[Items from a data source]
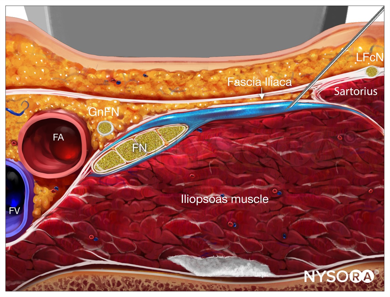 Surface anatomy = femoral crease , identify FA , FV, FN and fascia iliaca
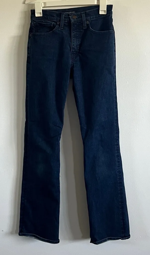 Classic indigo / dark wash denim jeans from Lucky Brand. Size 2/26R. Boot cut. Gently worn and in g... Show more
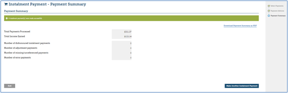 This Payment Summary page displays the Total Payments Processed and the Income Earned for this current instalment payment import.
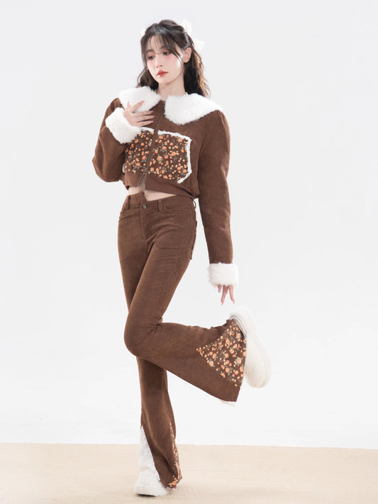nu282 Corduroy floral patchwork fur coat / slimming bell bottoms
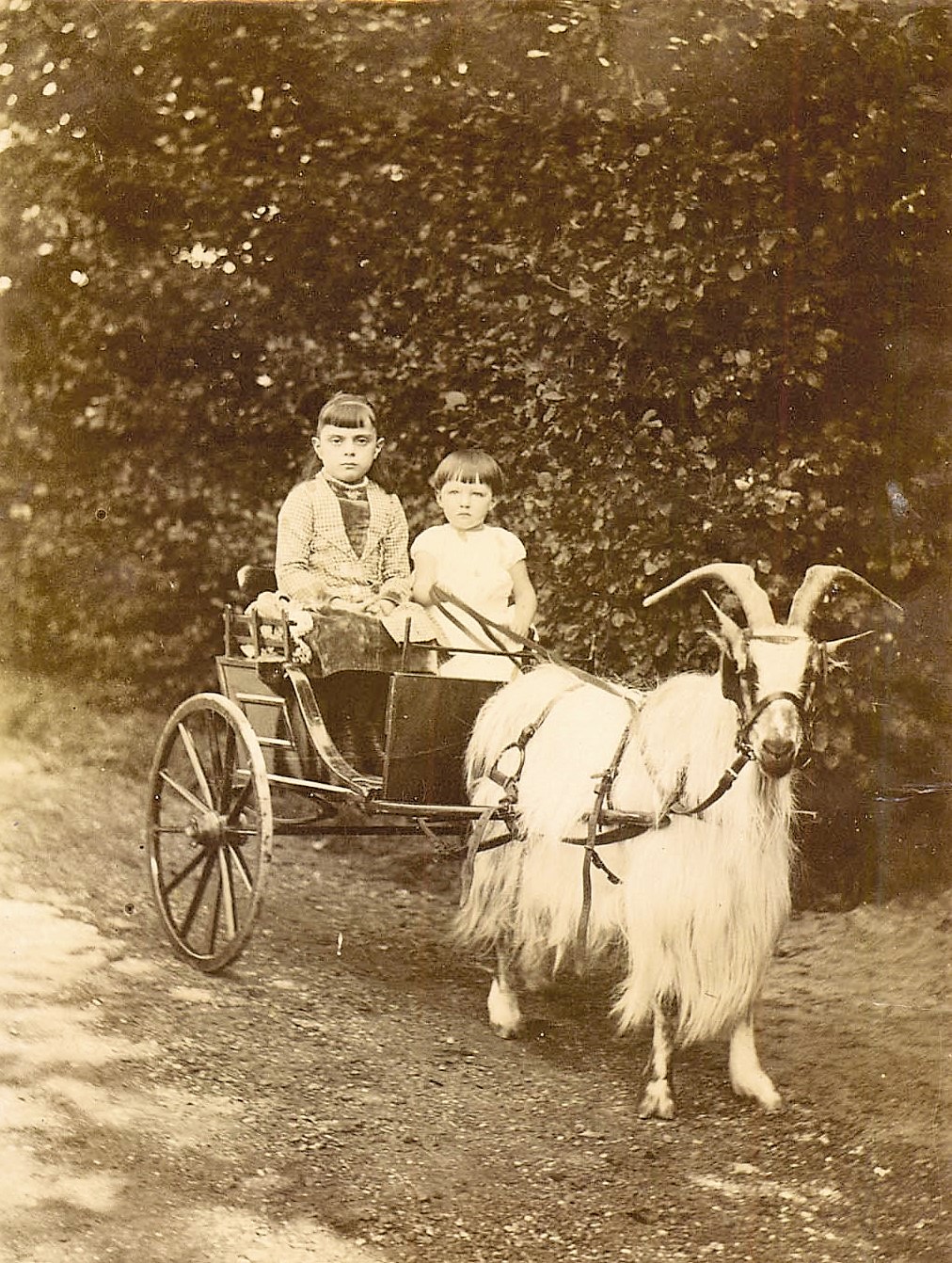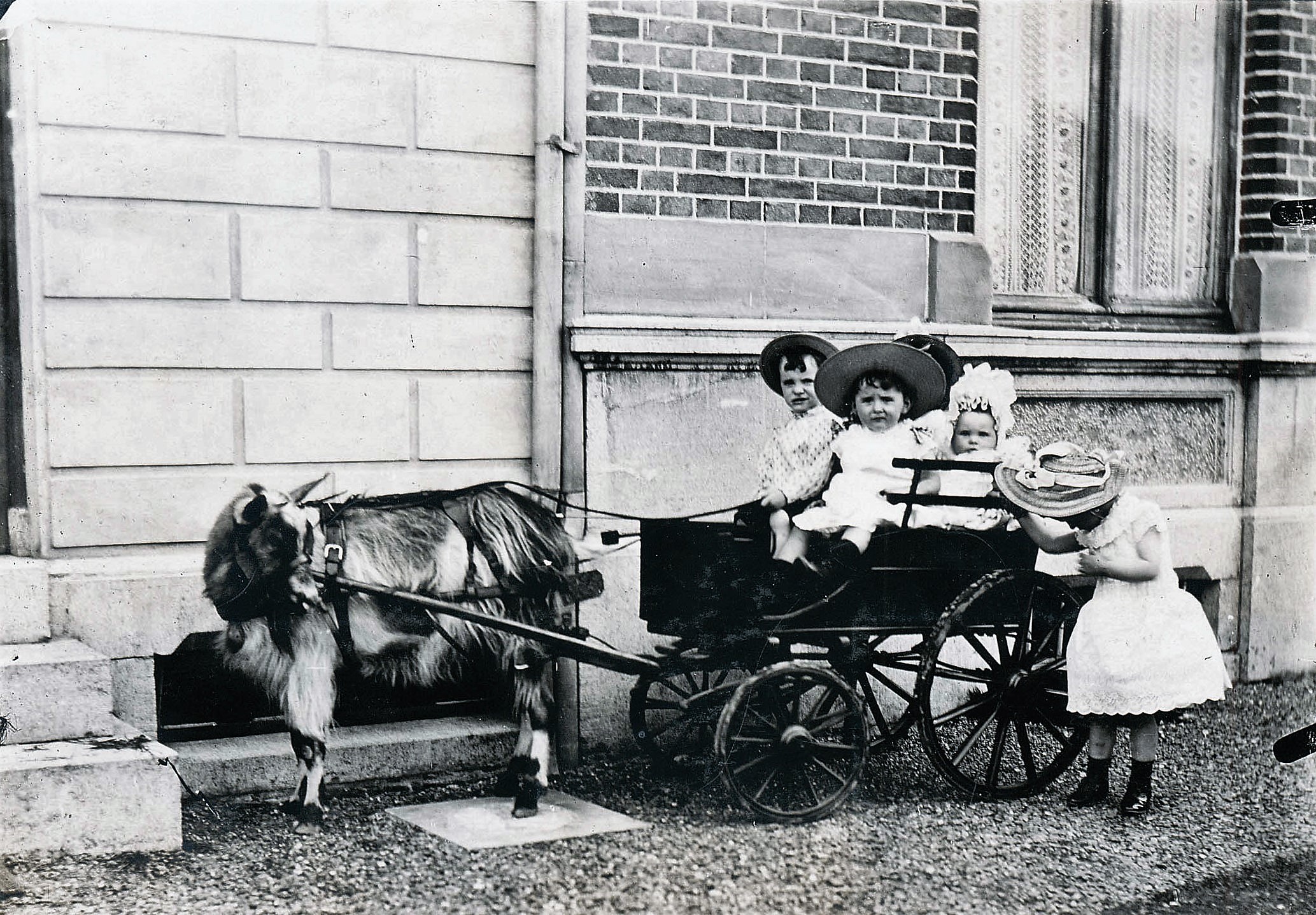 De foto rechtsboven is duidelijk geënsceneerd met spelende kinderen, bokkenkar
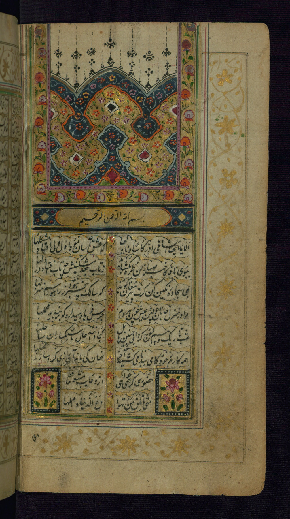 - Label: This incipit page has an illuminated headpiece inscribed with the doxological formula (basmalah) introducing the initial verses of the Dīvān. There is gilt interlinear illumination and rectangular panels with floral motifs in the lower corners of the text area.
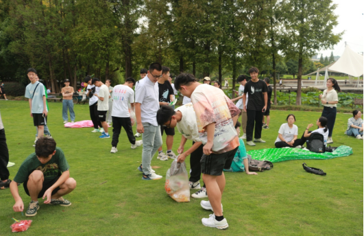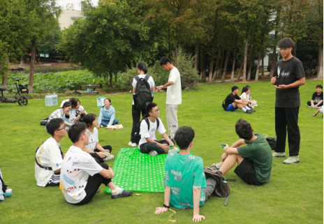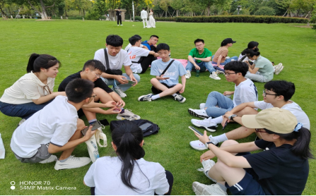 在班委和班助的组织协调下,活动如约展开。大家分组坐在草地上开始进行了你画我猜游戏。哪怕一开始连组内人员的名字都没有记清楚,但大家相处起来,却像是相识已久的亲友。
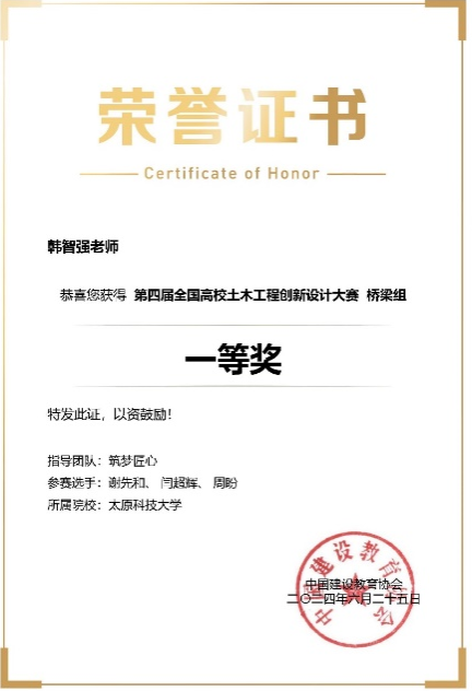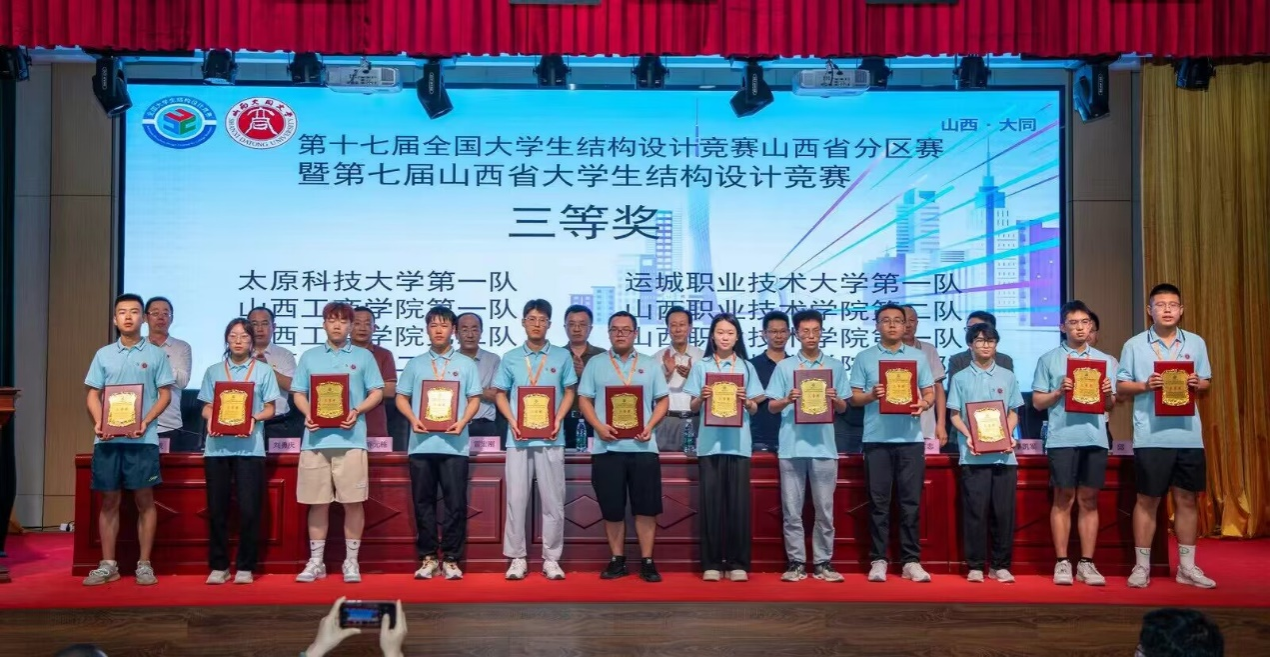 2024年7月12日~7月15日,第七届山西省大学生结构设计竞赛在大同开赛。该项竞赛由山西省高等学校土木与建筑类专业教学指导委员会指导,山西省土木建筑学会、山西大同大学共同主办,山西省土木建筑学会土木工程学科竞赛委员会和山西大同大学建筑与测绘工程学会共同承办。经过激烈角逐,最终有53件作品获奖,我院韩智强老师指导的本科生团队作品荣获省三等奖。

WORK TASK – Nothing but the lines from the one with "nu282 Corduroy floral" to the one with "在班委和班助的组织协调下,活" above, both included, should be transcribed, exactly and without pictures.

RESPONSE –
nu282 Corduroy floral patchwork fur coat / slimming bell bottoms
 De foto rechtsboven is duidelijk geënsceneerd met spelende kinderen, bokkenkar
 - Label: This incipit page has an illuminated headpiece inscribed with the doxological formula (basmalah) introducing the initial verses of the Dīvān. There is gilt interlinear illumination and rectangular panels with floral motifs in the lower corners of the text area.
 在班委和班助的组织协调下,活动如约展开。大家分组坐在草地上开始进行了你画我猜游戏。哪怕一开始连组内人员的名字都没有记清楚,但大家相处起来,却像是相识已久的亲友。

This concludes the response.